TASK GOAL
Output the first line below and each one after it, exactly, up to and including the line holding "S’assurer que le". Pictures should not be copied.

[[ DATA SECTION open ]]

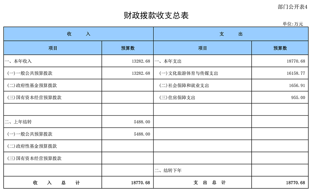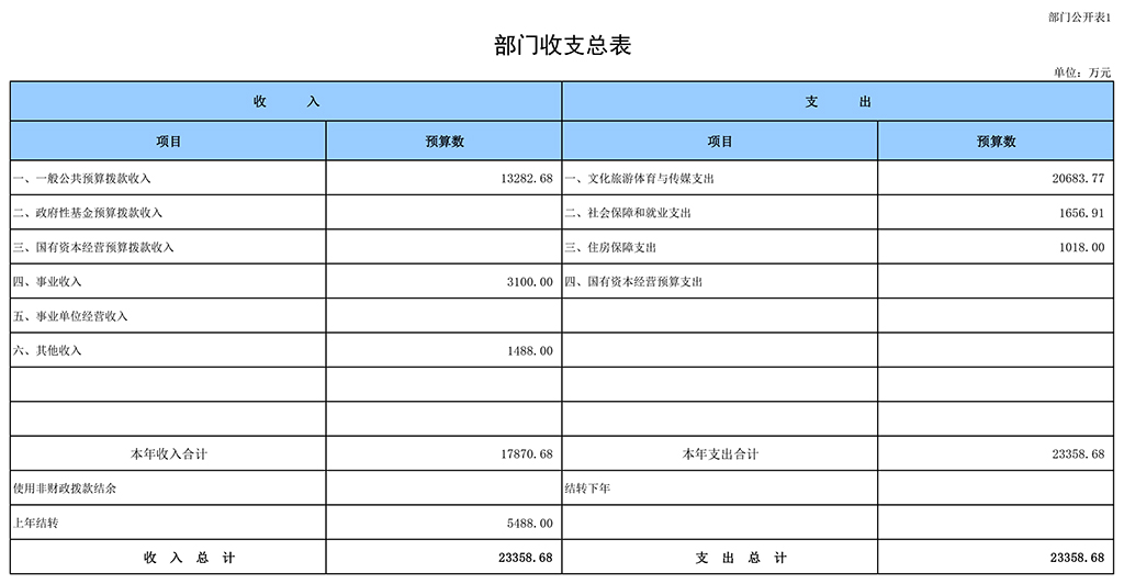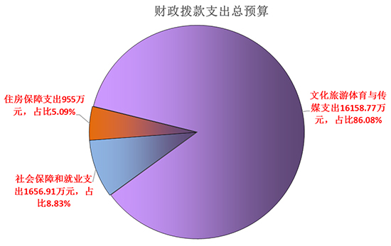 文化旅游體育與傳媒支出(類)支出10918.00萬元,占比82.20%;社會保障和就業支出(類)支出1409.68萬元,占比10.61%;住房保障支出(類)支出955.00萬元,占比7.19%。
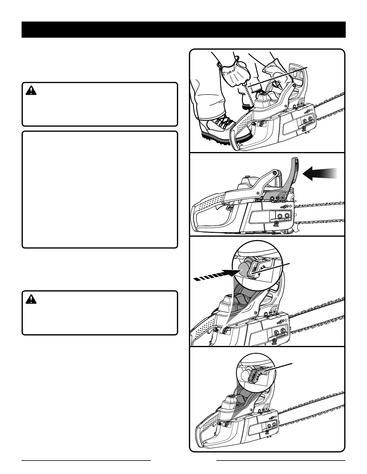 S’assurer que le frein de chaîne est en position de
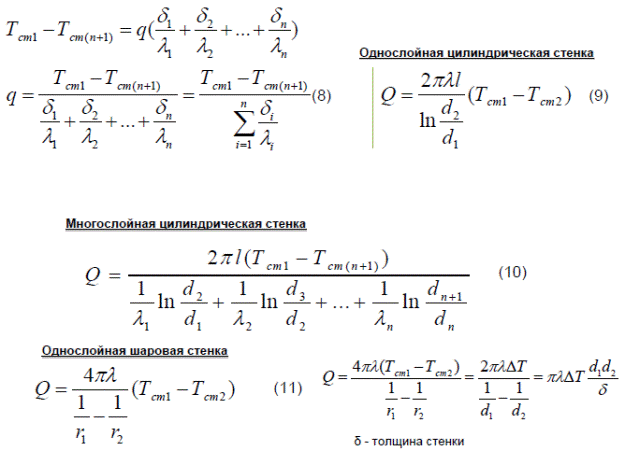 При выводе формул для многослойной стенки предполагаем, что слои плотно прилегают друг к другу, и, благодаря хорошему контакту, соприкасающиеся поверхности слоёв имеют одинаковую температуру, т.е. отсутствует скачок температур на границе раздела слоёв.
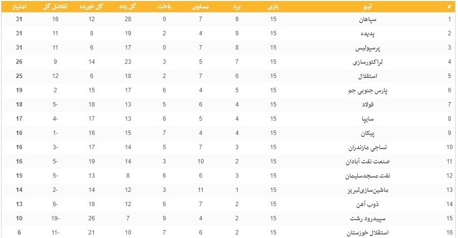جدول ردهبندی لیگ برتر فوتبال در پایان نیمفصل اول به شرح زیر است:

[[ DATA SECTION closed ]]

YOUR RESPONSE
 文化旅游體育與傳媒支出(類)支出10918.00萬元,占比82.20%;社會保障和就業支出(類)支出1409.68萬元,占比10.61%;住房保障支出(類)支出955.00萬元,占比7.19%。
 S’assurer que le frein de chaîne est en position de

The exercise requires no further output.